Whether the Labor or Likud Party controls Israeli policy, the prospects for Palestinian freedom and dignity are grim. The party differences are mainly in style and tactics. Likud leaders prefer open defiance of world opinion, while under Labor—by Israeli Prime Minister Yitzhak Rabin's own admission—repression is carried out quietly and deceptively.
In the fall of 1990, preparing for the political campaign that would restore him two years later to the position of prime minister, Rabin acknowledged a massive deception that had already put major obstacles on the road to peace. In effect, he also foretold the policies he would follow when victorious at the polls.
At the time, on the assumption that the spread of Jewish settlements in the occupied territories was broadly popular among Israelis and certain to win votes on election day, Prime Minister Yitzhak Shamir's Likud Party was boasting about its leadership in expanding the settlements. Indeed, Shamir, never known for subtlety, had been brazen about settlement-building. On several occasions he had attended ground-breaking ceremonies for new ones that were scheduled to coincide precisely with the arrival in Israel of a strong critic of settlements, U.S. Secretary of State James Baker.

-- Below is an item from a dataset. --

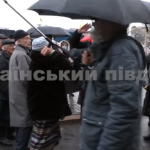 Тарифний пікет під дощем проходить під стінами Херсонської облдержадміністрації. Доєднались до нього і підприємці, які представляють інтереси #Save_ФОП. Головною вимогою

Not to be outdone in the campaign arena, Rabin discarded his customary policy of concealment. He informed the electorate that the Labor Party had led the way in building settlements years before the Shamir administration, but added that it had carried out the construction "cleverly" so as to avoid criticism in the United States.
The Oct. 18, 1990 issue of Davar quoted Rabin's response to Likud: "For all its faults, Labor has done more and remains capable of doing more in the future [in expanding Jewish settlements] than Likud with all of its doing. We have never talked about Jerusalem. We have just made a 'fait accompli.' It was we who built the suburbs in [the annexed part of] Jerusalem. The Americans didn't say a word, because we built these suburbs cleverly." The suburbs he cited are Jewish settlements built on land in the East Jerusalem area seized from Palestinians.

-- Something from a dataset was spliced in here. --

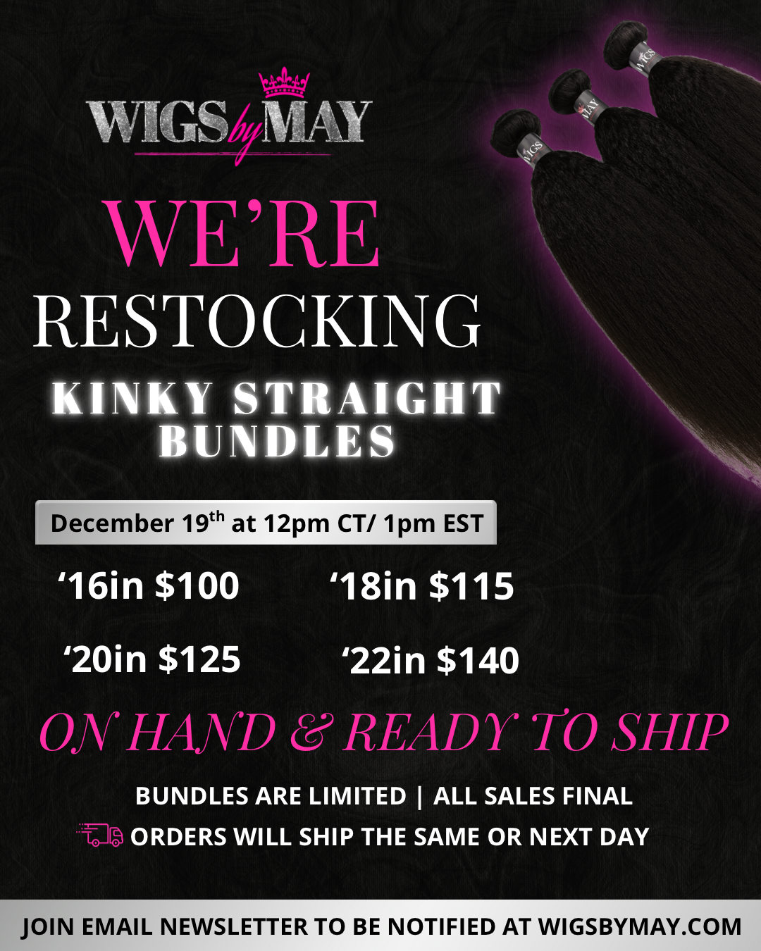Subscribe to email newsletter to be notified on our next Restocks!

In this amazing but little-noted bit of candor, Rabin could accurately have broadened Labor's claim beyond the East Jerusalem area. All of the early and many of the later settlements in the West Bank and Gaza were built when the Labor Party was in power.
Rabin's astonishing admission came to my attention through a booklet, Clever Concealment: Jewish Settlement in the Occupied Territories Under the Rabin Government,August 1992-September 1993. It is published by the Palestine Human Rights Information Center in Jerusalem and is the clearest and most dramatic presentation of the challenge posed by settlements that I have seen. Rabin's admission is a convincing rejoinder to those who claim that the settlements are the unfortunate legacy of the Likud Party alone and would never have come into being had Labor stayed in power. The main difference on settlement policy, as became evident when Rabin took office, is that Labor is more deceptive.

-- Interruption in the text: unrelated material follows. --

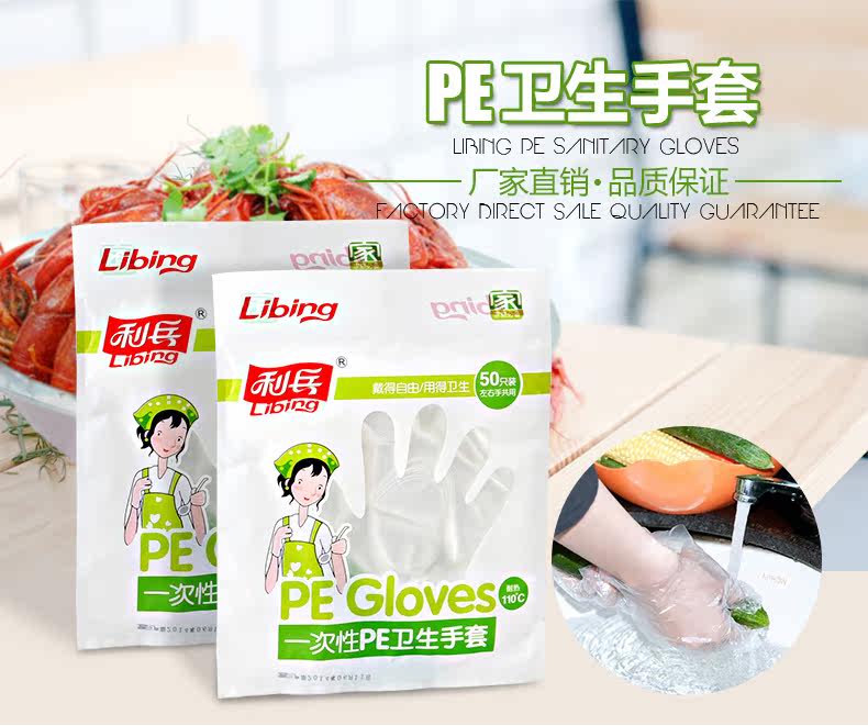 加厚一次性手套 餐饮美发吃龙虾手套 PE食品级薄膜透明手套

The main difference on settlement policy is that Labor is more deceptive.

On assuming the post of prime minister, Rabin pledged publicly a "settlement freeze" but privately proceeded with expansion. He began to carry out the Sheves Plan, named after Shimon Sheves, the director-general of the prime minister's office, which cleverly obscures in "development" terminology plans for the construction of settlements, both government and private, and highways to serve them. According to Clever Concealment: "There has not been an abrupt break, or settlement 'freeze' as publicly claimed [by Rabin]. Instead, there has been a shift from Ariel Sharon's stark vision of the transfer of Palestinians and outright Israeli annexation of the territories to a more sophisticated concept of quantitative control, selective annexation, separation (through closure), and containment of Palestinian population centers within contiguous Jewish settlements."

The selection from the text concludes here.